Ezzrett Anderson

Profile
- Positions: End, Defensive back

Personal information
- Born: February 10, 1920 Nashville, Arkansas, US
- Died: March 8, 2017 (aged 97) Calgary, Alberta, Canada

Career information
- College: Kentucky State

Career history
- 1947: Los Angeles Dons
- 1948–1954: Calgary Stampeders

Awards and highlights
- CFL All-Star (1949);

= Ezzrett Anderson =

American gridiron football player (1920–2017)
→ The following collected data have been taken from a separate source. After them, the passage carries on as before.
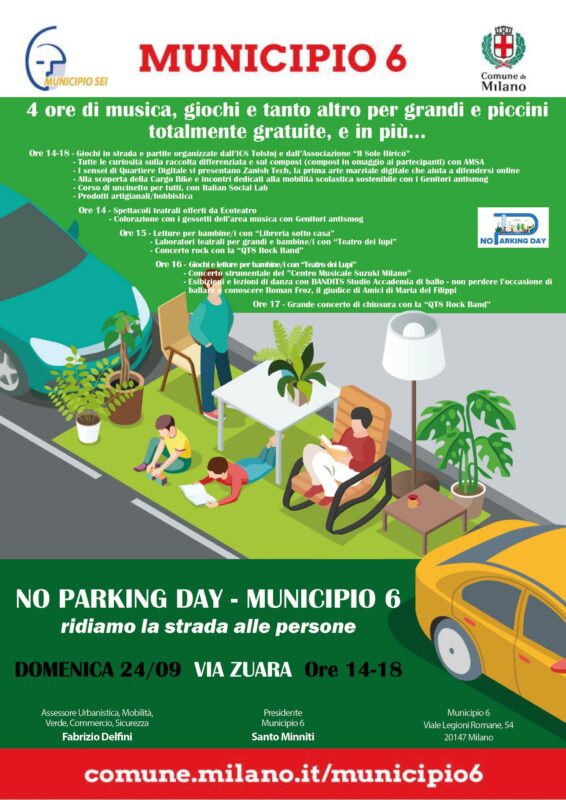 Domenica 24 settembre i Municipi 5 e 6 partecipano all’iniziativa del Comune di Milano “No Parking Day”. Una giornata in cui un tratto di asfalto o una via si trasformerà in un’aiuola, un luogo per leggere, per giocare, uno spazio per incontrarsi… Il Milano No Parking Day è l’evento in cui si potranno immaginare e disegnare le strade di Milano senza lo scorrere incessante e roboante del traffico ma occupate solo dalle persone che girano a piedi, in bici, in gruppo o ferme ad ascoltare o partecipare a un evento.
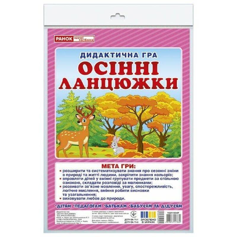 Дидактична гра. Осінні ланцюжки Завдяки дидактичній грі «Осінні ланцюжки» діти навчаться групувати предмети за спільною ознакою, складати розповіді. Гра підходить для роботи під час тематичних тижнів про осінь або для позакласних занять по концепції НУШ. Працювати можна як з групою дітей (початкова школа, дитячий садок), так і індивідуально. У наборі 48 карток, зроблених з целюлозного картону і рекомендації до гри. Гра призначена для багаторазового використання. Як грати: Гра має кілька варіантів. 1. Розкладіть картки перед дітьми. Запропонуйте якусь ознаку, за якою діти повинні вибрати картки. Наприклад: гриби, овочі, що дозрівають восени, тощо. 2. Покладіть перед дітьми картки, об'єднані однією темою. Запропонуйте викласти їх в хронологічному порядку і скласти розповідь. Наприклад: яблуня, яблука в кошику, мама варить компот. Мета гри: - Вивчити сезонні зміни в природі. - Вивчити назви кольорів. - Вчитися групувати предмети за спільною ознакою. - Вчитися складати розповіді. - Розвивати зв'язне мовлення, увагу, спостережливість, логічне мислення, пам'ять. - Виховувати любов до природи. Дидактична гра Ранок Осінні ланцюжки видавництва Ранок можна купити в інтернет-магазині *************** зі знижкою або з безкоштовною доставкою по Україні.
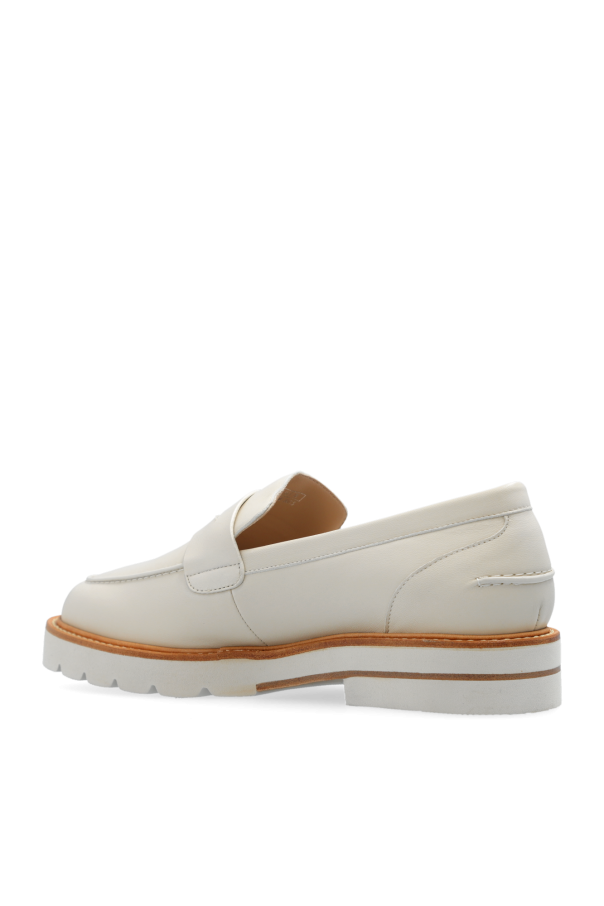 Cream ‘Parker’ loafers from Stuart Weitzman. Made of leather, this model sits on a cream and brown rubber sole.
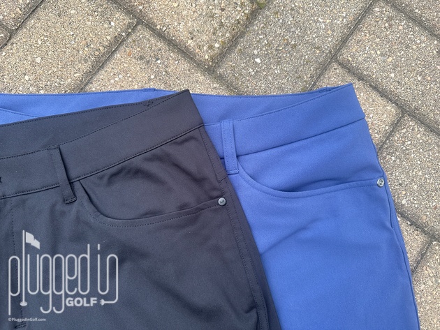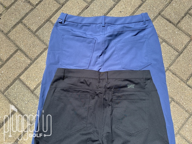 The two golf pants that we’re comparing for this first installment are the PXG Essential Golf Pants (black) and the Lululemon ABC Classic 5 Pocket Pant Warpstreme (blue).
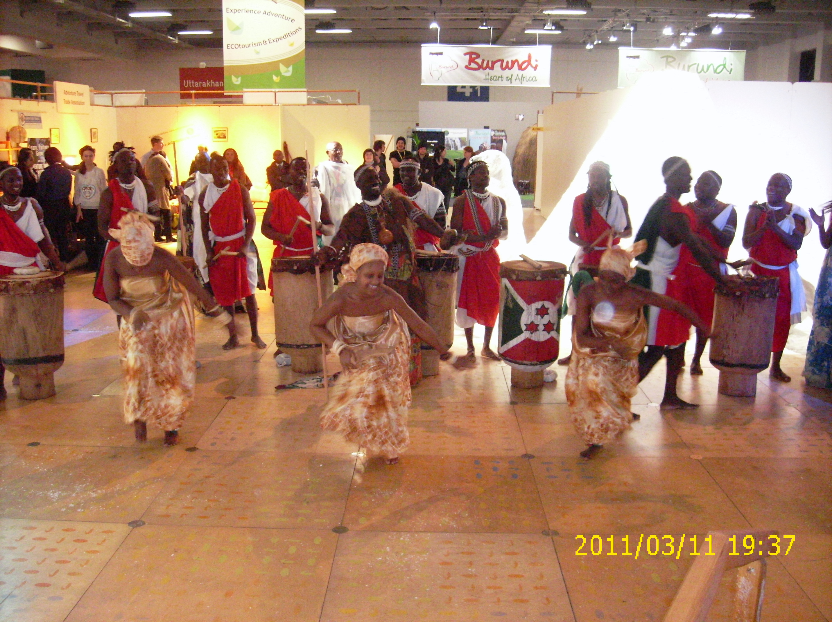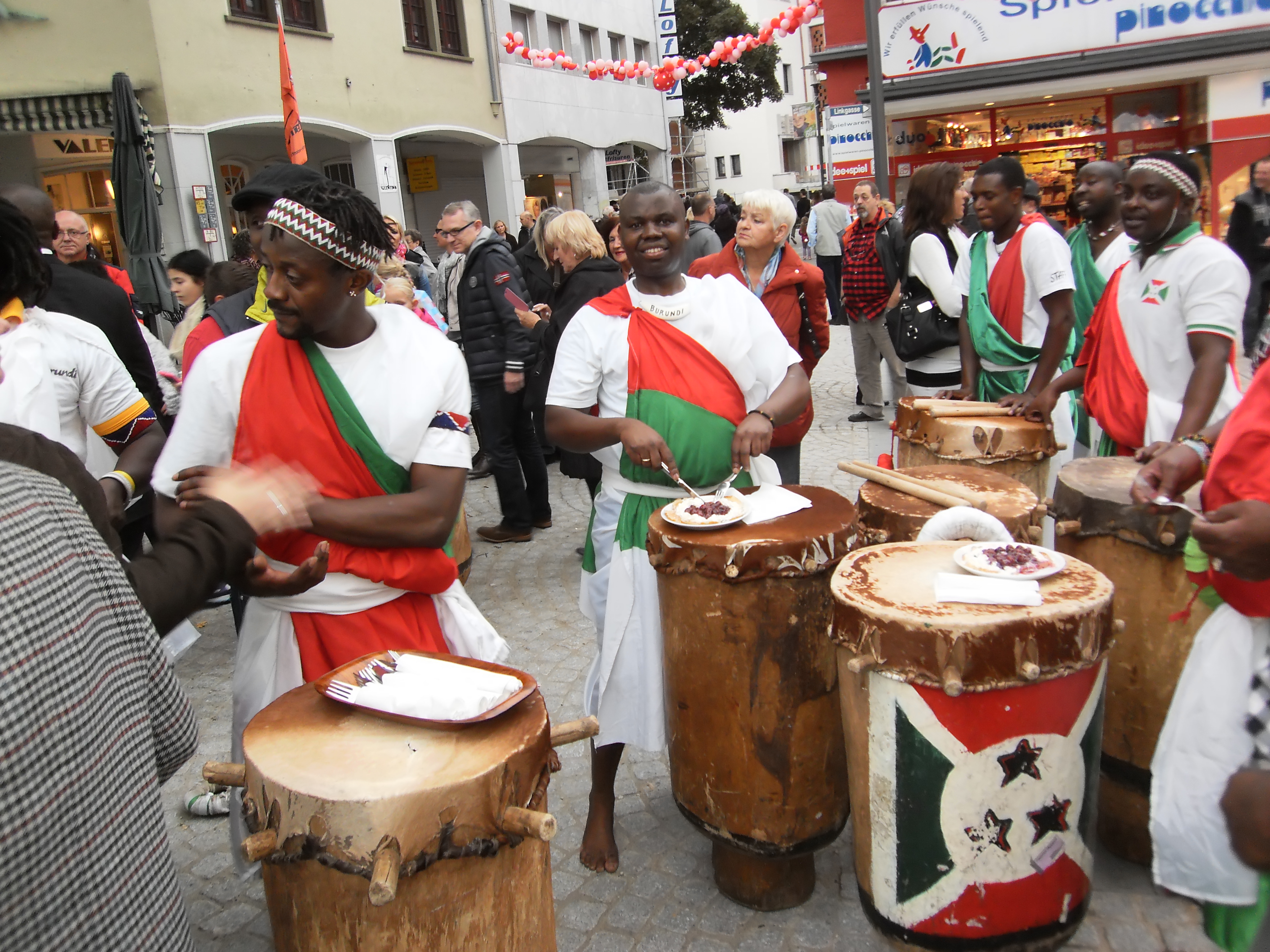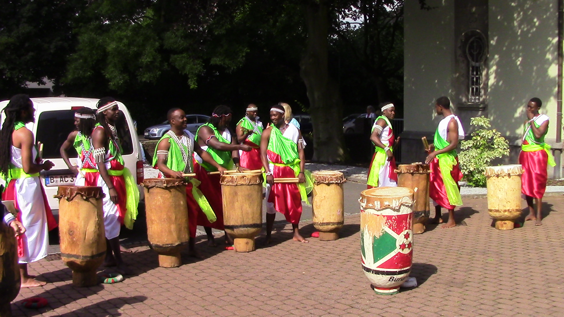 Beim Trommeln, tragen die Trommler traditionell ihre Trommeln auf dem Kopf, marschieren im gleichen Rhythmus und singen dabei, in burundischer Sprache, die schönsten Lieder der Trommel.

Ezzrett "Sugarfoot" Anderson (February 10, 1920 – March 8, 2017) was an all-star professional Canadian football player, apioneering professional football player, Hollywood actor, and community icon. He is widely recognized as one of the first African American players to play professional football in Western Canada. He is also noted for being one of the earliest graduates from a Historically Black College or University (HBCU) to play professionally in North America.

==Biography==
Anderson graduated from Kentucky State and turned pro in 1945 and 1946 with the Hollywood Bears in the Pacific Coast Football League (along with Chuck Anderson, who would also later play pro in Canada). After playing with the Los Angeles Dons of the All-America Football Conference in 1947, catching 11 passes for 126 yards and scoring one touchdown, he began a 6-year stay with the Calgary Stampeders of the Western Interprovincial Football Union. As a Stamp he caught 116 passes for 1576 yards and made 5 TDs, with his best year being 1950, when he caught 46 passes for 673 yards. He retired in 1954.

Following in the footsteps of Herb Trawick, he was among the first African-American players in the Canadian professional leagues. In 1990, he was inducted into the Calgary Stampeders Wall of Fame. He died on March 8, 2017, at the age of 97.
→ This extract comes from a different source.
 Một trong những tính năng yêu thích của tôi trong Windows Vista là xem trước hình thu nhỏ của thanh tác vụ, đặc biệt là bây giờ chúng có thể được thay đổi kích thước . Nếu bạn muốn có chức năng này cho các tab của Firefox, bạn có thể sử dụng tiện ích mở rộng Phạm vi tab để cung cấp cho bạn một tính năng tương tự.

He was married to Virnetta Anderson, who was elected to Calgary City Council in 1974 as the city's first Black municipal councillor.
Anderson was born in Nashville, Arkansas, on February 10, 1920, to Florence and Ezzrett Anderson Sr. baseball player in the Negro Leagues. At Kentucky State he earned a spot on an all-America football team. While there he met his first wife Virnetta, from Hot Springs, Arkansas. In 1943 they moved California to help with the war effort. "Sug", as he was often called, was a two-way star who could pass, catch and defend. He soon attracted the attention of the pros, playing with the Hollywood Bears of the Pacific Coast League in 1945-46 and the Los Angeles Dons of the All-America Football Conference in 1947. During those years Sugarfoot also found work in the movie industry, appearing in over 20 films, including a speaking role in the original Story of Seabiscuit with Shirley Temple and Barry Fitzgerald. In 1949, the Calgary Stampeders persuaded Anderson to play for Calgary. He became a popular figure both on and off the field for his talent and affable personality. He was an all-star CFL player in 1949 when the Stamps lost to the Montreal Alouettes in the Grey Cup and was one of only two Americans to make all-pro in Canada at both offence and defense. He retired at the end of 1955, was added to the Stampeders' Wall of Fame in 1990 and inducted into the Alberta Sports Hall of Fame in 2010.
From 1950 to 1955 Sugarfoot had a popular radio show on CKXL, fronted a blues band called "The Bluenotes." In 2013 he was presented with the Canada's Recording Legacy Award of Recognition. Sugarfoot attended Southern Alberta Institute of Technology, where he trained as a mechanic. He owned a service station in downtown Calgary and went on to work for the group of companies that included Standard General, Inland Cement, and Genstar, retiring after 32 years. Anderson worked for the Stampeders as an account representative and ambassador for the team and the Calgary Stampeders Alumni Association. Anderson died on Wednesday, March 8, 2017, at the Foothills Hospital.